Shortly after the Congressional Budget Office estimated that legislation to change the way Medicare calculates doctors’ payments would raise deficits both in the short-term and over time, House Speaker John Boehner issued a release headlined, “CBO Confirms Permanent Doc Fix Saves Taxpayers Money, Bends Cost Curve.”
What gives?
Well, as a reminder to those who may not be as acquainted, the issue of how to compensate doctors through Medicare has been a constant thorn on the side of lawmakers. Back in 1997, Congress established a new formula to contain the cost of paying doctors. But starting in 2003, Congress, facing constant lobbying on the issue, developed a habit of cutting last minute deals to avoid the payment cuts going into effect. The problem this created is that as time went on, the potential cuts became more severe. Without any action by Congress, doctors’ payments would be slashed by 21 percent this April 1 — and many physicians would no doubt respond to these cuts by dropping out of Medicare, meaning reduced access for beneficiaries.
For years, the idea of a permanent ‘doc fix’ has been a Holy Grail in Washington — lobbyists don’t like the uncertainty and lawmakers don’t like having to deal with the issue constantly, but a permanent solution has been elusive. It’s become a symbol of congressional dysfunction by demonstrating the way lawmakers tend to govern from crisis to crisis rather than sensibly planning for the long term.
That brings us to now, with Boehner pushing a bill he negotiated along with House Minority Leader Nancy Pelosi, D-Calif.
The bill would replace the current formula for paying doctors and add other spending priorities (such as extending State Children’s Health Insurance Program, a program that provides health coverage to low-income children), and make modest changes to Medicare to save money. Mainly, the law reduces expected payments to hospitals and increase premiums on higher-income Medicare beneficiaries.
When the savings and costs are mixed together, the CBO estimated that the bill would add $141 billion to deficits over the next decade. Supporters of the bill had argued that the true savings wouldn’t kick in until the following decade. But the CBO took that into account, and still concluded that it would add deficits on a net basis in the second decade.
Much like a movie ad featuring a review touting “an ambitious film” while leaving out the part where the reviewer added “that ultimately falls flat,” Boehner’s press release cherry-picks quotes from the CBO report to portray the legislation as a savings to taxpayers.
The release quotes the CBO as saying, “The budgetary effects of some provisions of the bill that would generate federal savings would increase rapidly in that [second] decade. … Compared with the costs of freezing Medicare’s payment rates for physicians’ services, the budgetary effects of the legislation could represent net savings or net costs in the second decade after enactment, but the center of the distribution of possible outcomes is small net savings.”

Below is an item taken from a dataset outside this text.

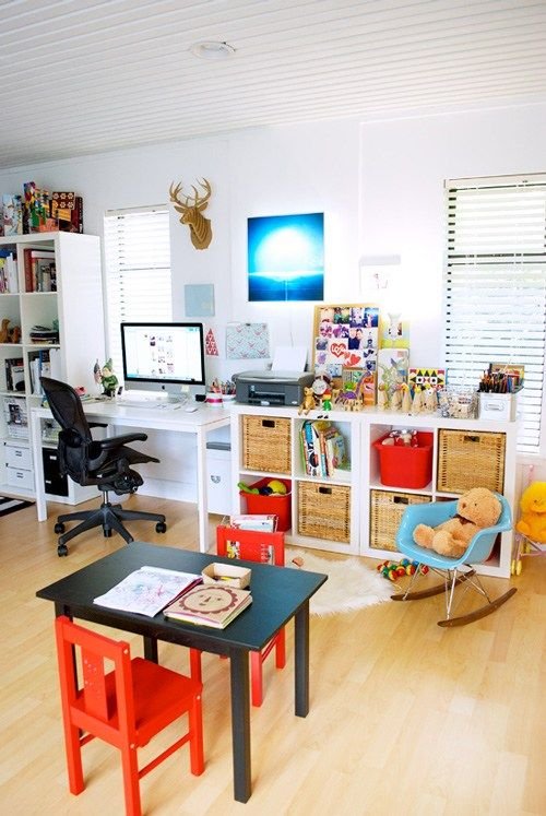 爸爸的電腦桌與小寶貝的玩??臻g在一起,更能增進爸爸與寶貝的感情。

Here’s the fuller CBO quote, with the parts omitted by Boehner in bold: “Taken as a whole, H.R. 2 would raise federal costs (that is, increase budget deficits) relative to current law in the second decade after enactment. The budgetary effects of some provisions of the bill that would generate federal savings would increase rapidly in that decade, but they would be growing from a much smaller starting point in 2025 than the budgetary effects of the provisions generating additional federal costs.”
Big difference.
Now, what’s that reference to its savings relative to “freezing Medicare’s payment rates”? Well, Boehner asked the CBO to do an alternate analysis of what the effect of legislation would be if payment rates were kept in place. As Boehner put it, that’s “the path we’ve been on — freezing physician payments every year and 17 times total.”
Relative to that scenario, the CBO said the bill would save $900 million over the next decade, and in the second decade, it could cost money, but would most likely save a small amount.
However, there’s something else that is left out. In the past, Congress hasn’t simply frozen payment rates. In most cases, when Congress has cut a deal to preserve doctors’ pay, they’ve offset the cost with new spending cuts. In fact, 98 percent of the short-term “doc fixes” that have been put in place since 2004 have been paid for, according to an analysis from the Committee for a Responsible Federal Budget, resulting in $140 billion in deficit reduction.
Whether or not future deals would be otherwise offset by spending cuts is of course an open question, but Boehner is incorrect to say that the taxpayers would save money relative to the path we’ve been on. What’s more, there’s no guarantee that future Congresses won’t undo some of the spending cuts that have been negotiated as part of this deal.
The existing Medicare payment formula that passed nearly 20 years ago is an ugly piece of legislating, but it has acted as a cudgel to reduce spending. This bill would remove that cudgel without making enough longer-term changes to Medicare to make it worthwhile.